A director of Power 5 Athletic said, ‘The Big 12, SEC or anyone else wants to play and is preparing to play, the President and Chancellor don’t want to go to an island by themselves.’ “They’ll be the ones to shut it down, even though the league commissioners are determined to keep it out. Everyone is watching what the Pac-12 and Big Ten do in the next few days. That’s for sure. ”

As for Mac, some dropped the importance of its postponement.

“The ACC athletic director said,” Mack’s decision does not affect us at all. “They have to do what they like, and we’ll do that.”

On Saturday, ACC schools such as Clemson and Florida State continued their Presence Camps; The Seminoles are scheduled to use the pads for the first time on Sundays. Austin Peay, who still plans to play with the rest of the FCS Ohio Valley Conference, scrimmed for the first time on Saturday.

“These people love football,” FSU coach Mike Norwell said. “They want to play football. We are ultimately not in control of those decisions.”

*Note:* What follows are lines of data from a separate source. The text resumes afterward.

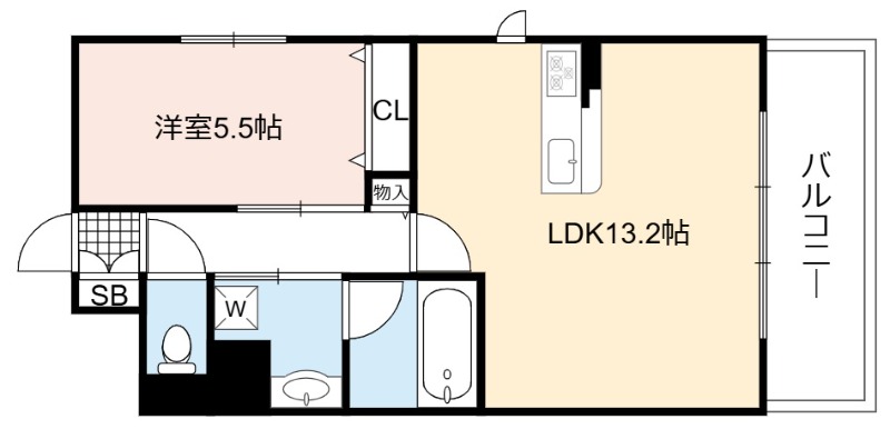 | 間取り詳細 | LDK 13.2畳 、 洋室 5.5畳 |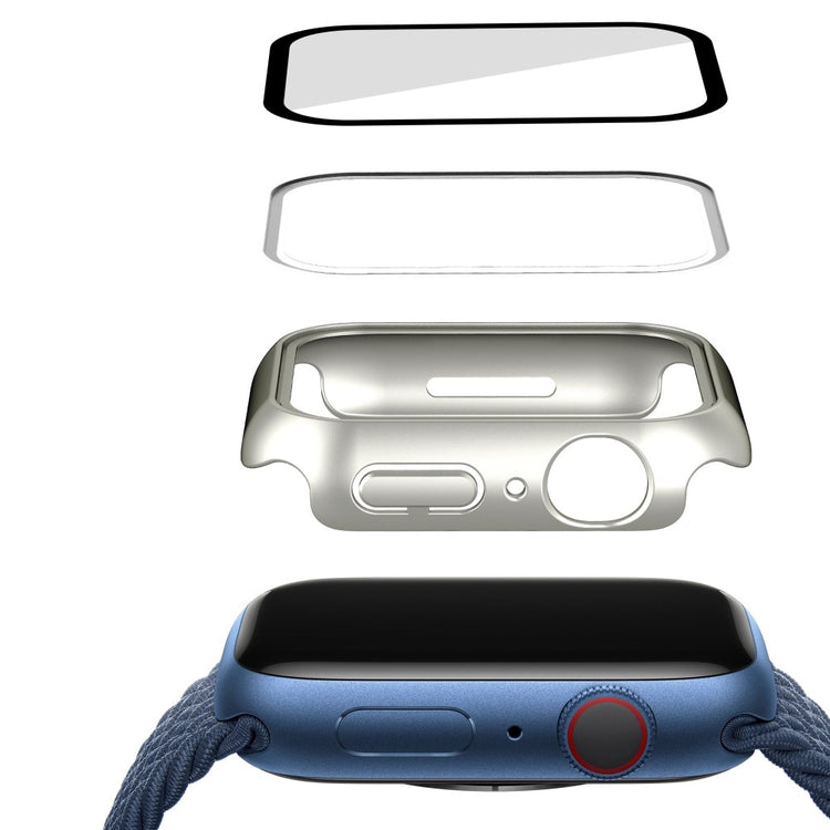 Vildt Godt Apple Watch Series 7 41mm Cover med Skærmbeskytter i Plastik og Hærdet Glas - Sølv#serie_6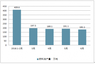 2018.1-6月中國燃料油產(chǎn)量及同比增長走勢

With the upcoming season clearly hanging in the balance, many players were outspoken on Twitter about their wishes to play this upcoming season, including Clemson quarterback Trevor Lawrence, Penn State Tight and Pat Fremut and others.

Decisions made over the next several days can determine if they have to do what they want. Several Sun Belt sources told ESPN that the league is committed to play this fall and cares more about what happens in the SEC, unlike other conferences.

An SEC athletic director told ESPN that the sentiment within the SEC was to pay attention to the end of September where league play is to begin where things are supposed to be at the end of the game.

“If this was our situation last week, let’s look at what happens when all the students return to campus, there’s no new data that makes another decision at this time … except for fear,” the athletic director said.

Others said Mack’s decision expedited the process of ending fall football.

“They are pulling the plug as soon as possible,” said a director at Power 5 Athletic. “Just get over it and let us figure out how to survive.”

Mack hopes to play football in the spring, as many FCS leagues do, which last week called the fall season. The spring option is gaining more traction throughout the game, but many are skeptical, noting that the state of the virus may not change and players will face additional physical demands with trying to play two seasons in a calendar year.

A Power 5 coach said, “You are going to play as many games as you can in both seasons and possibly shorten both seasons, so you have to see what is affecting both 2020 and 2021.” “It may be the only option, but it’s not a good one, especially for players.”

ESPN reporters Chris Low, David Hale and Sam Khan Jr. contributed to this story.